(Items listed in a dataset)

_____

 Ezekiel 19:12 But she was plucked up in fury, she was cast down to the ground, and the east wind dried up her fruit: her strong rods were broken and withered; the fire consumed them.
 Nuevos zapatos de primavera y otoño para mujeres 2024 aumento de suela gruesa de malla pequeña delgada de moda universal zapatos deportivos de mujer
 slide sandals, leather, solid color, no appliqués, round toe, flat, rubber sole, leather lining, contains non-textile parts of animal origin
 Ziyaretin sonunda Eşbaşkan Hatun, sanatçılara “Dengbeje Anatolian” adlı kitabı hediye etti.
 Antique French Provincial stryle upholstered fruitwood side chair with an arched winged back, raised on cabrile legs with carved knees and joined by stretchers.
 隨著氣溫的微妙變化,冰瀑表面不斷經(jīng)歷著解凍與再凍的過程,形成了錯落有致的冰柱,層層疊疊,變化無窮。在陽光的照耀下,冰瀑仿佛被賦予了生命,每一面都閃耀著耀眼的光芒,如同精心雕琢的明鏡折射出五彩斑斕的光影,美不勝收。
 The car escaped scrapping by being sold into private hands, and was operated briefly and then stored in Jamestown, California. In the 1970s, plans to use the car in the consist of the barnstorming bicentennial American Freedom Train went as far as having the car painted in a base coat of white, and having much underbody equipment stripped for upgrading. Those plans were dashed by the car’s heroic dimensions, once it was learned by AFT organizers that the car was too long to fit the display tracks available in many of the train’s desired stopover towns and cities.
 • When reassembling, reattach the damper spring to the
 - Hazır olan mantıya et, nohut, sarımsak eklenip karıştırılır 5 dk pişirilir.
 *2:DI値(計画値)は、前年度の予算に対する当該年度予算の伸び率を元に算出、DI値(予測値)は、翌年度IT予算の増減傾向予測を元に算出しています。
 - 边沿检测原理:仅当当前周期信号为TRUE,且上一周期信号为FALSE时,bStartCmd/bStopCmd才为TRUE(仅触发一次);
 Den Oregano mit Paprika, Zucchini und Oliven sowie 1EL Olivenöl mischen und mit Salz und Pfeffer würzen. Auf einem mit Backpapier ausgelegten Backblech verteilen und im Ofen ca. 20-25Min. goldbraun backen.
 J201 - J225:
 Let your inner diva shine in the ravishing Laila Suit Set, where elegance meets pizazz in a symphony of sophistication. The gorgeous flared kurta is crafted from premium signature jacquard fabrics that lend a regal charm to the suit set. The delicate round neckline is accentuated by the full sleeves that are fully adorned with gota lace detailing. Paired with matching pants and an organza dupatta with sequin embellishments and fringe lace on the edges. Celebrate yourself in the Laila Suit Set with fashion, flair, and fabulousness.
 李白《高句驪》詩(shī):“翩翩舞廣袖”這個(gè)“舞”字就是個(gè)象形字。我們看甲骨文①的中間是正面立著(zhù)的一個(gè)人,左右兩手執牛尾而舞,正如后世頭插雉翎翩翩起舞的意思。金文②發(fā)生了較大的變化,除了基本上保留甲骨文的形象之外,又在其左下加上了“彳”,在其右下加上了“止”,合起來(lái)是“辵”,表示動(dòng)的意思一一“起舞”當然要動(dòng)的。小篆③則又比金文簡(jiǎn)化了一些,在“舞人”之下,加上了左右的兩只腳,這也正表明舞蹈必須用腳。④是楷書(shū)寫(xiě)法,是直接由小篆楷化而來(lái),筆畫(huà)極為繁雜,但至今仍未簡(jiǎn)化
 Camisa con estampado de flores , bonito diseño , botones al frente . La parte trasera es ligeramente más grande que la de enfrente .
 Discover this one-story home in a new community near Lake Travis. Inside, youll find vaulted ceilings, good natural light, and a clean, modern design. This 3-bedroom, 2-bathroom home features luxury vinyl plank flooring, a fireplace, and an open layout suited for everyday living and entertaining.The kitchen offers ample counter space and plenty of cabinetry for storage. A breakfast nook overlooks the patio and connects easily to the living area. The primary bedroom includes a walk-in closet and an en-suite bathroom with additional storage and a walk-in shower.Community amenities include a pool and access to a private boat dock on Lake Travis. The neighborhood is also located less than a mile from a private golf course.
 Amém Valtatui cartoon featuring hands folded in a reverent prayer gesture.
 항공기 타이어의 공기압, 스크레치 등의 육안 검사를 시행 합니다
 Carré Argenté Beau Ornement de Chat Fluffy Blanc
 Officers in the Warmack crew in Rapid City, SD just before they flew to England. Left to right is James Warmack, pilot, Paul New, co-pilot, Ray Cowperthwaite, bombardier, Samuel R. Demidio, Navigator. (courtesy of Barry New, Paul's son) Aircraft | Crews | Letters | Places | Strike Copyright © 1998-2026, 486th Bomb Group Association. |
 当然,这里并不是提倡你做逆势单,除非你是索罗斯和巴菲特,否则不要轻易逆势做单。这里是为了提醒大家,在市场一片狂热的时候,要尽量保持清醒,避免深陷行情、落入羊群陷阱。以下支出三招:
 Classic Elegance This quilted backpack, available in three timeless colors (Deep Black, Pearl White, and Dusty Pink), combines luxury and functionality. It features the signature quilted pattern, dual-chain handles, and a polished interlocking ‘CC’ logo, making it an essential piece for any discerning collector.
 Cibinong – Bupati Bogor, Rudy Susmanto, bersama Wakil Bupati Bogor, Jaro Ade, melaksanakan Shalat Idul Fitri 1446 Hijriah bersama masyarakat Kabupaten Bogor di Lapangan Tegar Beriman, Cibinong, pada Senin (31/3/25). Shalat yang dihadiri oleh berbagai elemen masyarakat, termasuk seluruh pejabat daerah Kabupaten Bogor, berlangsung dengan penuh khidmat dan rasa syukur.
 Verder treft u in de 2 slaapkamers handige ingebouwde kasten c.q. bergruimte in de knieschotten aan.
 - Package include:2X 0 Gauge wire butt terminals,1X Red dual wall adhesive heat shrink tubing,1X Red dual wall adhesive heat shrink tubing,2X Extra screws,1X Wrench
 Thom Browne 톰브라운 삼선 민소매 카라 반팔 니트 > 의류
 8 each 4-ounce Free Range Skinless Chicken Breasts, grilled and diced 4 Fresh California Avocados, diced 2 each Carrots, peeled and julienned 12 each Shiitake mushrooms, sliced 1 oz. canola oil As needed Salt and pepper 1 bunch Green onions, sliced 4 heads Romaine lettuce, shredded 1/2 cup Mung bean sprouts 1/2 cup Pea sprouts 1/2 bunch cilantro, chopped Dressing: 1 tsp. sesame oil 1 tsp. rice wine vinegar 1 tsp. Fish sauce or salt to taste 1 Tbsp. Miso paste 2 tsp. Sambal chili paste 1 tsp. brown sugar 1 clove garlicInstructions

_____

→ WORK REQUIRED
Return all data verbatim.

→ ANSWER BOX
 Ezekiel 19:12 But she was plucked up in fury, she was cast down to the ground, and the east wind dried up her fruit: her strong rods were broken and withered; the fire consumed them.
 Nuevos zapatos de primavera y otoño para mujeres 2024 aumento de suela gruesa de malla pequeña delgada de moda universal zapatos deportivos de mujer
 slide sandals, leather, solid color, no appliqués, round toe, flat, rubber sole, leather lining, contains non-textile parts of animal origin
 Ziyaretin sonunda Eşbaşkan Hatun, sanatçılara “Dengbeje Anatolian” adlı kitabı hediye etti.
 Antique French Provincial stryle upholstered fruitwood side chair with an arched winged back, raised on cabrile legs with carved knees and joined by stretchers.
 隨著氣溫的微妙變化,冰瀑表面不斷經(jīng)歷著解凍與再凍的過程,形成了錯落有致的冰柱,層層疊疊,變化無窮。在陽光的照耀下,冰瀑仿佛被賦予了生命,每一面都閃耀著耀眼的光芒,如同精心雕琢的明鏡折射出五彩斑斕的光影,美不勝收。
 The car escaped scrapping by being sold into private hands, and was operated briefly and then stored in Jamestown, California. In the 1970s, plans to use the car in the consist of the barnstorming bicentennial American Freedom Train went as far as having the car painted in a base coat of white, and having much underbody equipment stripped for upgrading. Those plans were dashed by the car’s heroic dimensions, once it was learned by AFT organizers that the car was too long to fit the display tracks available in many of the train’s desired stopover towns and cities.
 • When reassembling, reattach the damper spring to the
 - Hazır olan mantıya et, nohut, sarımsak eklenip karıştırılır 5 dk pişirilir.
 *2:DI値(計画値)は、前年度の予算に対する当該年度予算の伸び率を元に算出、DI値(予測値)は、翌年度IT予算の増減傾向予測を元に算出しています。
 - 边沿检测原理:仅当当前周期信号为TRUE,且上一周期信号为FALSE时,bStartCmd/bStopCmd才为TRUE(仅触发一次);
 Den Oregano mit Paprika, Zucchini und Oliven sowie 1EL Olivenöl mischen und mit Salz und Pfeffer würzen. Auf einem mit Backpapier ausgelegten Backblech verteilen und im Ofen ca. 20-25Min. goldbraun backen.
 J201 - J225:
 Let your inner diva shine in the ravishing Laila Suit Set, where elegance meets pizazz in a symphony of sophistication. The gorgeous flared kurta is crafted from premium signature jacquard fabrics that lend a regal charm to the suit set. The delicate round neckline is accentuated by the full sleeves that are fully adorned with gota lace detailing. Paired with matching pants and an organza dupatta with sequin embellishments and fringe lace on the edges. Celebrate yourself in the Laila Suit Set with fashion, flair, and fabulousness.
 李白《高句驪》詩(shī):“翩翩舞廣袖”這個(gè)“舞”字就是個(gè)象形字。我們看甲骨文①的中間是正面立著(zhù)的一個(gè)人,左右兩手執牛尾而舞,正如后世頭插雉翎翩翩起舞的意思。金文②發(fā)生了較大的變化,除了基本上保留甲骨文的形象之外,又在其左下加上了“彳”,在其右下加上了“止”,合起來(lái)是“辵”,表示動(dòng)的意思一一“起舞”當然要動(dòng)的。小篆③則又比金文簡(jiǎn)化了一些,在“舞人”之下,加上了左右的兩只腳,這也正表明舞蹈必須用腳。④是楷書(shū)寫(xiě)法,是直接由小篆楷化而來(lái),筆畫(huà)極為繁雜,但至今仍未簡(jiǎn)化
 Camisa con estampado de flores , bonito diseño , botones al frente . La parte trasera es ligeramente más grande que la de enfrente .
 Discover this one-story home in a new community near Lake Travis. Inside, youll find vaulted ceilings, good natural light, and a clean, modern design. This 3-bedroom, 2-bathroom home features luxury vinyl plank flooring, a fireplace, and an open layout suited for everyday living and entertaining.The kitchen offers ample counter space and plenty of cabinetry for storage. A breakfast nook overlooks the patio and connects easily to the living area. The primary bedroom includes a walk-in closet and an en-suite bathroom with additional storage and a walk-in shower.Community amenities include a pool and access to a private boat dock on Lake Travis. The neighborhood is also located less than a mile from a private golf course.
 Amém Valtatui cartoon featuring hands folded in a reverent prayer gesture.
 항공기 타이어의 공기압, 스크레치 등의 육안 검사를 시행 합니다
 Carré Argenté Beau Ornement de Chat Fluffy Blanc
 Officers in the Warmack crew in Rapid City, SD just before they flew to England. Left to right is James Warmack, pilot, Paul New, co-pilot, Ray Cowperthwaite, bombardier, Samuel R. Demidio, Navigator. (courtesy of Barry New, Paul's son) Aircraft | Crews | Letters | Places | Strike Copyright © 1998-2026, 486th Bomb Group Association. |
 当然,这里并不是提倡你做逆势单,除非你是索罗斯和巴菲特,否则不要轻易逆势做单。这里是为了提醒大家,在市场一片狂热的时候,要尽量保持清醒,避免深陷行情、落入羊群陷阱。以下支出三招:
 Classic Elegance This quilted backpack, available in three timeless colors (Deep Black, Pearl White, and Dusty Pink), combines luxury and functionality. It features the signature quilted pattern, dual-chain handles, and a polished interlocking ‘CC’ logo, making it an essential piece for any discerning collector.
 Cibinong – Bupati Bogor, Rudy Susmanto, bersama Wakil Bupati Bogor, Jaro Ade, melaksanakan Shalat Idul Fitri 1446 Hijriah bersama masyarakat Kabupaten Bogor di Lapangan Tegar Beriman, Cibinong, pada Senin (31/3/25). Shalat yang dihadiri oleh berbagai elemen masyarakat, termasuk seluruh pejabat daerah Kabupaten Bogor, berlangsung dengan penuh khidmat dan rasa syukur.
 Verder treft u in de 2 slaapkamers handige ingebouwde kasten c.q. bergruimte in de knieschotten aan.
 - Package include:2X 0 Gauge wire butt terminals,1X Red dual wall adhesive heat shrink tubing,1X Red dual wall adhesive heat shrink tubing,2X Extra screws,1X Wrench
 Thom Browne 톰브라운 삼선 민소매 카라 반팔 니트 > 의류
 8 each 4-ounce Free Range Skinless Chicken Breasts, grilled and diced 4 Fresh California Avocados, diced 2 each Carrots, peeled and julienned 12 each Shiitake mushrooms, sliced 1 oz. canola oil As needed Salt and pepper 1 bunch Green onions, sliced 4 heads Romaine lettuce, shredded 1/2 cup Mung bean sprouts 1/2 cup Pea sprouts 1/2 bunch cilantro, chopped Dressing: 1 tsp. sesame oil 1 tsp. rice wine vinegar 1 tsp. Fish sauce or salt to taste 1 Tbsp. Miso paste 2 tsp. Sambal chili paste 1 tsp. brown sugar 1 clove garlicInstructions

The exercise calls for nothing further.